• _Work instructions_: Repeat the data exactly. Pictures are not part of the copy.

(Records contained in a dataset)
———
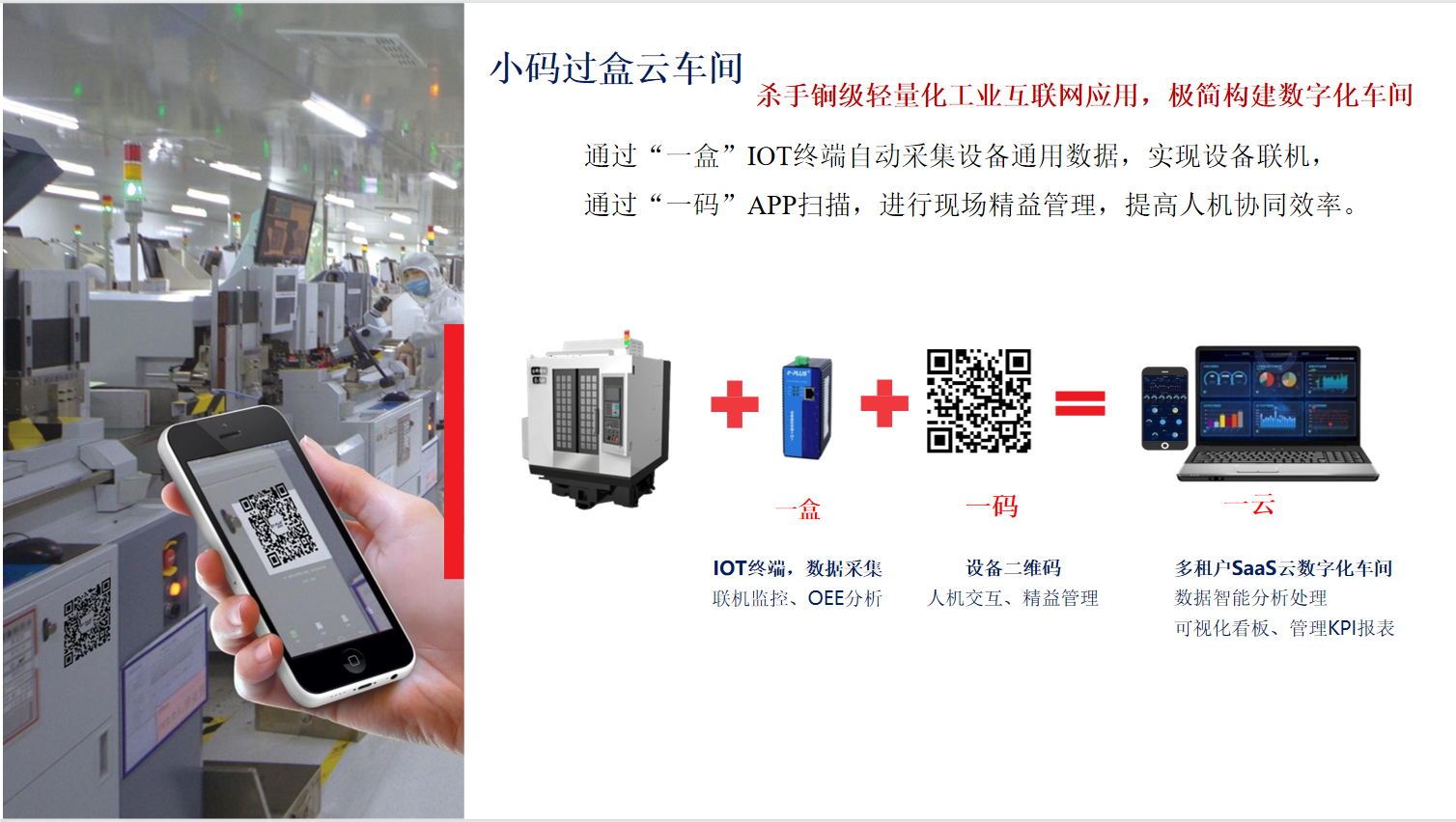 可(kě)兼容沖壓、注塑、機加工(gōng)等所有(yǒu)工(gōng)序自動化設備進行聯網采集,通過燈塔信号、設備機械運動信号、PLC控制信号、外置傳感器信号等方式,進行設備狀态采集、模拟、計算,達成數字化車(chē)間
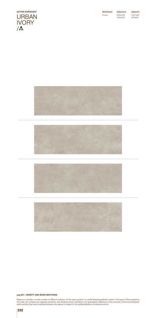 Maximum includes a certain number of different surfaces, for the same product, to create pleasing aesthetic variety in the layout. When preparing
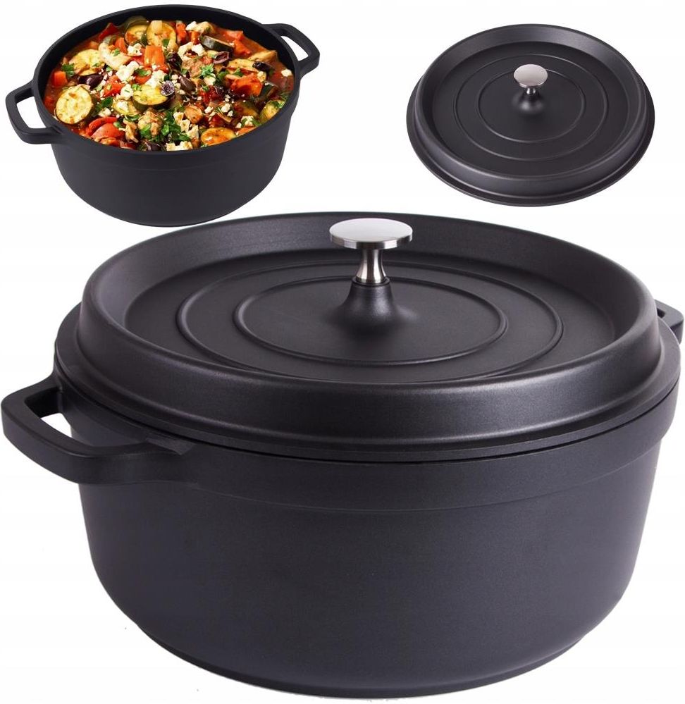 GARNEK BRYTFANNA POKRYWKA 6,6L INDUKCJA ALUMINIUM Wspaniały garnek z pokrywką o pojemności 6,6 litra wykonany z z wysokiej jakości stopu aluminium, które zostało poddane procesowi ciśnieniowego odlewu. Garnek jest idealny do gotowania na kuchni indukcyjnej, gazowej, halogenowej, ceramicznej i elektrycznej. Ten solidny i elegancki garnek to niezastąpione narzędzie w Twojej kuchni, które ułatwi Ci przygotowywanie pysznych potraw dla Twojej rodziny i przyjaciół. Ten garnek to perfekcyjne rozwiązanie do klasycznego gotowania jak i do pieczenia. Ergonomiczne uchwyty zapewniają wygodne i pewne trzymanie garnka podczas gotowania. Specjalne właściwości indukcyjne umożliwiają szybkie i skuteczne gotowanie na kuchni indukcyjnej. Ta Brytfanna będzie doskonałym dodatkiem do Twojej kuchni, niezależnie od tego, czy gotujesz dla siebie, dla rodziny czy też przyjmujesz gości. Jego pojemność umożliwia przygotowywanie różnorodnych dań, od zup i gulaszów po pieczenie mięsa czy warzyw. Wykonany z aluminium zapewnia równomierne rozprowadzanie ciepła, co przekłada się na doskonałe rezultaty kulinarne. SPECYFIKACJA TECHNICZNA: ✅ Kod produktu: 07169 ✅ Wysoka jakość wykonania ✅ Odlew aluminium ✅ Elegancki wygląd ✅ Powłoka nieprzywieralna non-stick ✅ Wyposażony w solidną pokrywkę ✅ Pojemność: 6,6L ✅ Do piekarnika ✅ Do kuchenki: indukcyjnej, gazowej, elektrycznej, ceramicznej i halogenowej. ✅ Szybkie nagrzewanie ✅ Kolor: czarny WYMIARY: ✅ Wysokość garnka: 12,5cm ✅ Wysokość całkowita z pokrywą: 20cm ✅ Średnica zewnętrzna garnka: 29,5cm ✅ Średnica wewnętrzna garnka na górze: 28,5cm ✅ Średnica pola grzewczego: 25,5 cm ✅ Długość rączki: 3cm ✅ Średnica pokrywy: 29,5cm ✅ Średnica garnka z rączkami: 35,5cm ZESTAW ZWIERA: ☑️ Fabrycznie nowy garnek ☑️ Pokrywka ☑️ Oryginalne opakowanie
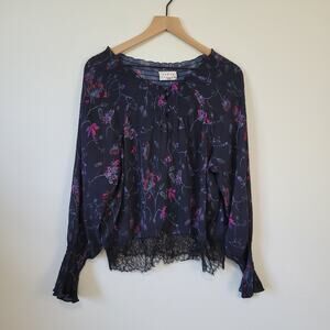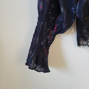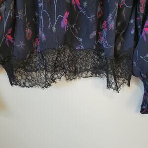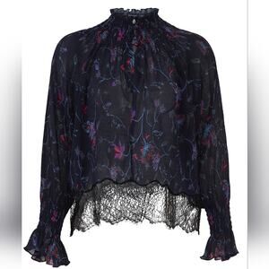 Elasticized detail at the neck and sleeves and scalloped eyelash lace at the hem bring Victorian romance to this floral Tanya Taylor top.
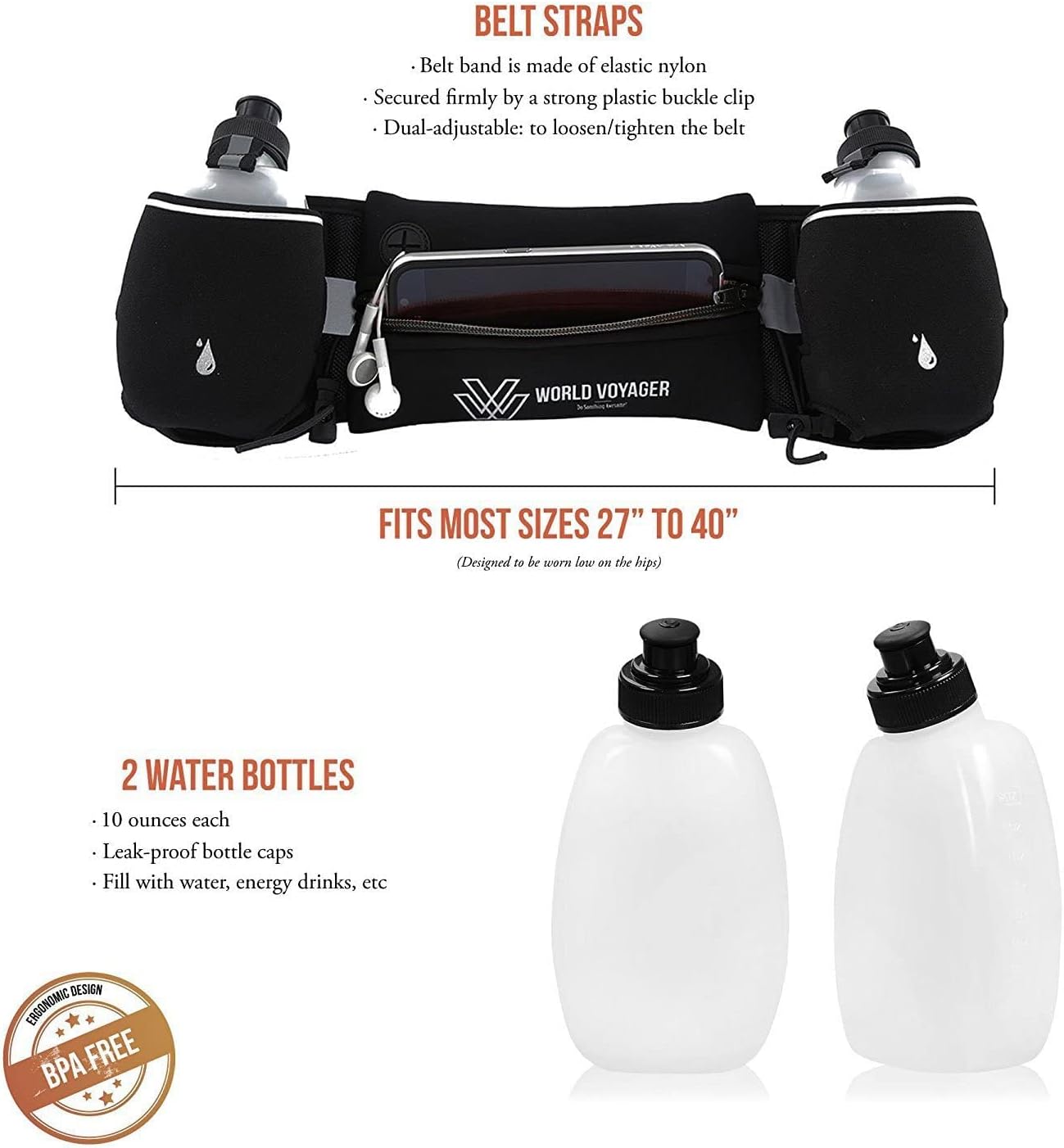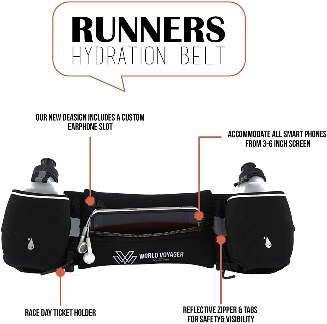 π‘οΈ SUPREME QUALITY ENSURED: Boasting a custom rubber epoxy on both sides for anti-slip and an exclusive soft waterproof fabric blend of Lycra+Neoprene, our World Voyager hydration belt provides unparalleled quality and durability.
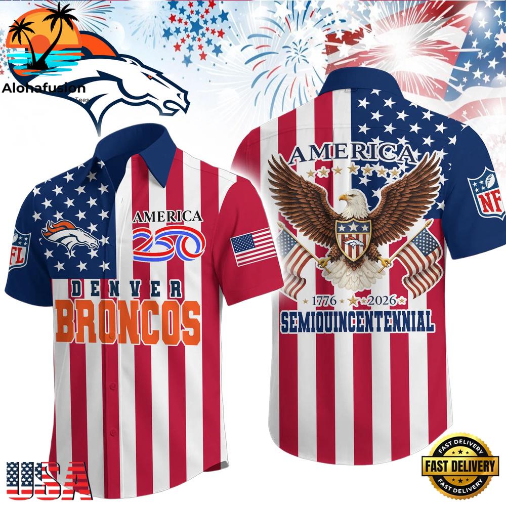 Photos Of NFL Denver Broncos Liberty Eagle Patriotic 250 Years America Hawaiian Shirt
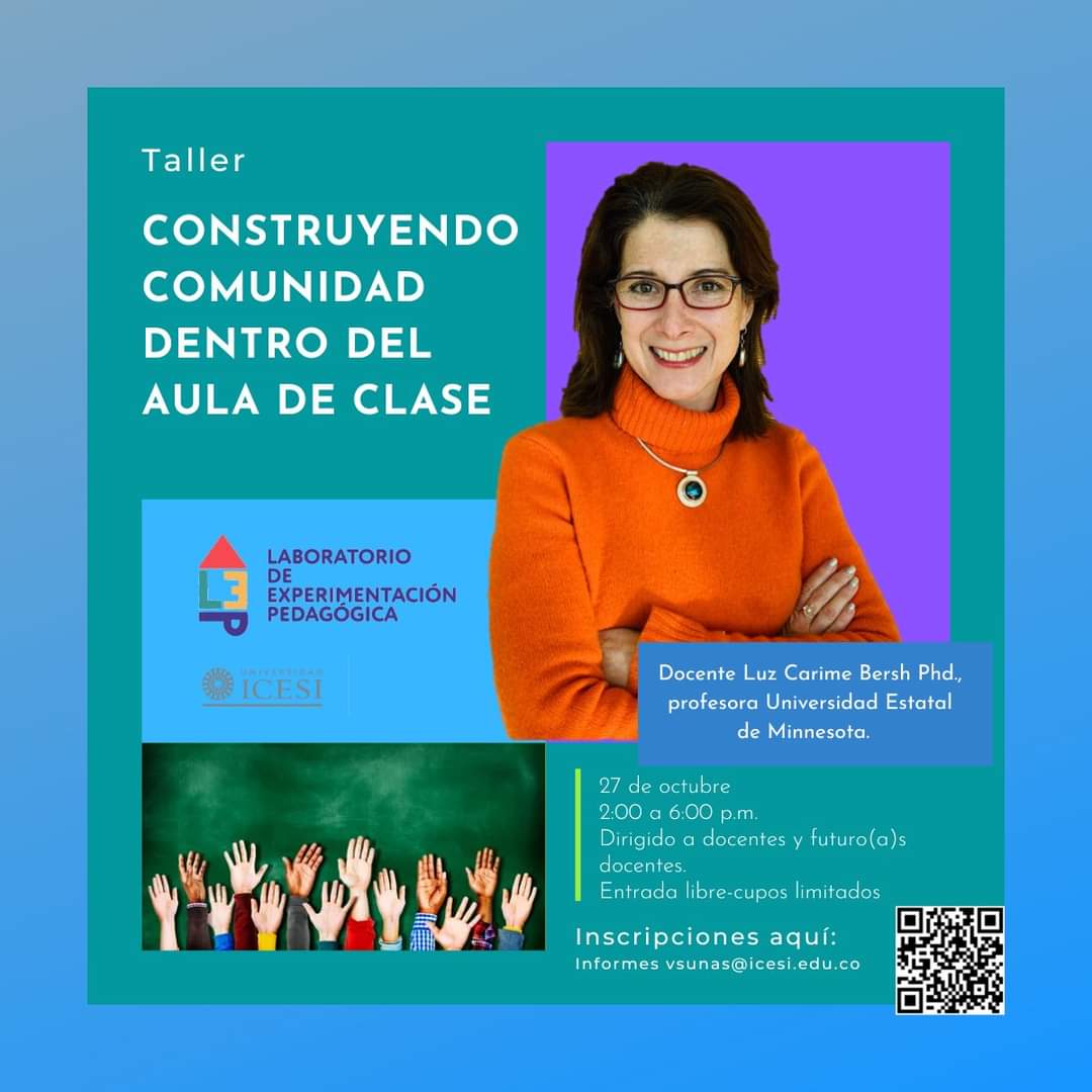 El Laboratorio de experimentación pedagógica invitó a los estudiantes de licenciaturas de la Universidad Icesi al Taller Construyendo comunidad dentro del aula de clase, dictado por Luz Karime Bersh, docente de la Universidad Estatal de Minnesota. El evento, dirigido a docentes y futuros docentes, se llevó a cabo el 27 de octubre a las 2 p.m. en el Laboratorio de Experimentación Pedagógica. La profesora Bersh trabajó con el grupo distintas alternativas para la interacción respetuosa, el fomento de la confianza y la construcción del salón de clases como un lugar seguro.
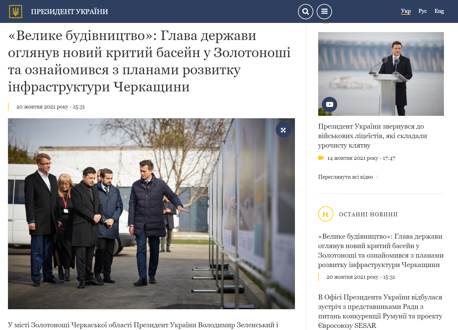 О 10:55 на сайті Офісу Президента України, а об 11:23 на сайті Черкаської ОДА вийшла новина про те, що Президент розпочав робочу поїздку на Черкащину: «Глава держави також огляне низку інфраструктурних об’єктів та ознайомиться зі станом реалізації програми «Велике будівництво» в регіоні, її перспективами на 2022 рік. Зокрема, Володимир Зеленський заслухає доповідь щодо перебігу капітального ремонту автомобільних доріг на Черкащині. Крім того, Президент відвідає Головний центр підготовки особового складу Державної прикордонної служби України імені генерал-майора Ігоря Момота».
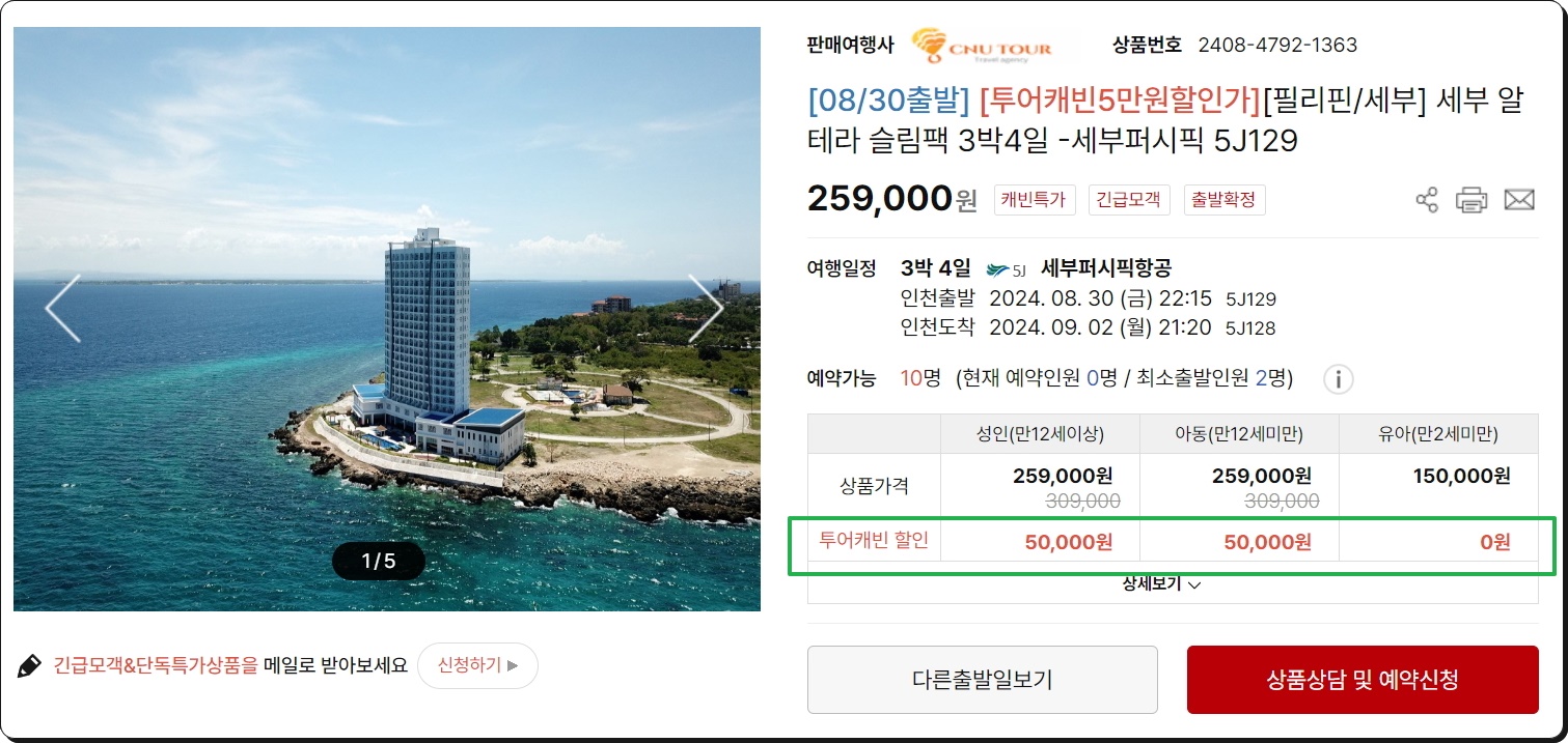 저는 8월 30일에 출발하는 상품을 찾아 보았는데요. 투어캐빈 할인가로 꽤 저렴하게 다녀올 수 있네요. 화면에 표시되어 있는 태그를 보면 긴급모객 땡처리로 판매되는 것임을 알 수 있습니다. 여기서 바로 "예약신청"을 누르면 바로 예약이 가능하죠.
———
• _Problem solution_:
 可(kě)兼容沖壓、注塑、機加工(gōng)等所有(yǒu)工(gōng)序自動化設備進行聯網采集,通過燈塔信号、設備機械運動信号、PLC控制信号、外置傳感器信号等方式,進行設備狀态采集、模拟、計算,達成數字化車(chē)間
 Maximum includes a certain number of different surfaces, for the same product, to create pleasing aesthetic variety in the layout. When preparing
 GARNEK BRYTFANNA POKRYWKA 6,6L INDUKCJA ALUMINIUM Wspaniały garnek z pokrywką o pojemności 6,6 litra wykonany z z wysokiej jakości stopu aluminium, które zostało poddane procesowi ciśnieniowego odlewu. Garnek jest idealny do gotowania na kuchni indukcyjnej, gazowej, halogenowej, ceramicznej i elektrycznej. Ten solidny i elegancki garnek to niezastąpione narzędzie w Twojej kuchni, które ułatwi Ci przygotowywanie pysznych potraw dla Twojej rodziny i przyjaciół. Ten garnek to perfekcyjne rozwiązanie do klasycznego gotowania jak i do pieczenia. Ergonomiczne uchwyty zapewniają wygodne i pewne trzymanie garnka podczas gotowania. Specjalne właściwości indukcyjne umożliwiają szybkie i skuteczne gotowanie na kuchni indukcyjnej. Ta Brytfanna będzie doskonałym dodatkiem do Twojej kuchni, niezależnie od tego, czy gotujesz dla siebie, dla rodziny czy też przyjmujesz gości. Jego pojemność umożliwia przygotowywanie różnorodnych dań, od zup i gulaszów po pieczenie mięsa czy warzyw. Wykonany z aluminium zapewnia równomierne rozprowadzanie ciepła, co przekłada się na doskonałe rezultaty kulinarne. SPECYFIKACJA TECHNICZNA: ✅ Kod produktu: 07169 ✅ Wysoka jakość wykonania ✅ Odlew aluminium ✅ Elegancki wygląd ✅ Powłoka nieprzywieralna non-stick ✅ Wyposażony w solidną pokrywkę ✅ Pojemność: 6,6L ✅ Do piekarnika ✅ Do kuchenki: indukcyjnej, gazowej, elektrycznej, ceramicznej i halogenowej. ✅ Szybkie nagrzewanie ✅ Kolor: czarny WYMIARY: ✅ Wysokość garnka: 12,5cm ✅ Wysokość całkowita z pokrywą: 20cm ✅ Średnica zewnętrzna garnka: 29,5cm ✅ Średnica wewnętrzna garnka na górze: 28,5cm ✅ Średnica pola grzewczego: 25,5 cm ✅ Długość rączki: 3cm ✅ Średnica pokrywy: 29,5cm ✅ Średnica garnka z rączkami: 35,5cm ZESTAW ZWIERA: ☑️ Fabrycznie nowy garnek ☑️ Pokrywka ☑️ Oryginalne opakowanie
 Elasticized detail at the neck and sleeves and scalloped eyelash lace at the hem bring Victorian romance to this floral Tanya Taylor top.
 π‘οΈ SUPREME QUALITY ENSURED: Boasting a custom rubber epoxy on both sides for anti-slip and an exclusive soft waterproof fabric blend of Lycra+Neoprene, our World Voyager hydration belt provides unparalleled quality and durability.
 Photos Of NFL Denver Broncos Liberty Eagle Patriotic 250 Years America Hawaiian Shirt
 El Laboratorio de experimentación pedagógica invitó a los estudiantes de licenciaturas de la Universidad Icesi al Taller Construyendo comunidad dentro del aula de clase, dictado por Luz Karime Bersh, docente de la Universidad Estatal de Minnesota. El evento, dirigido a docentes y futuros docentes, se llevó a cabo el 27 de octubre a las 2 p.m. en el Laboratorio de Experimentación Pedagógica. La profesora Bersh trabajó con el grupo distintas alternativas para la interacción respetuosa, el fomento de la confianza y la construcción del salón de clases como un lugar seguro.
 О 10:55 на сайті Офісу Президента України, а об 11:23 на сайті Черкаської ОДА вийшла новина про те, що Президент розпочав робочу поїздку на Черкащину: «Глава держави також огляне низку інфраструктурних об’єктів та ознайомиться зі станом реалізації програми «Велике будівництво» в регіоні, її перспективами на 2022 рік. Зокрема, Володимир Зеленський заслухає доповідь щодо перебігу капітального ремонту автомобільних доріг на Черкащині. Крім того, Президент відвідає Головний центр підготовки особового складу Державної прикордонної служби України імені генерал-майора Ігоря Момота».
 저는 8월 30일에 출발하는 상품을 찾아 보았는데요. 투어캐빈 할인가로 꽤 저렴하게 다녀올 수 있네요. 화면에 표시되어 있는 태그를 보면 긴급모객 땡처리로 판매되는 것임을 알 수 있습니다. 여기서 바로 "예약신청"을 누르면 바로 예약이 가능하죠.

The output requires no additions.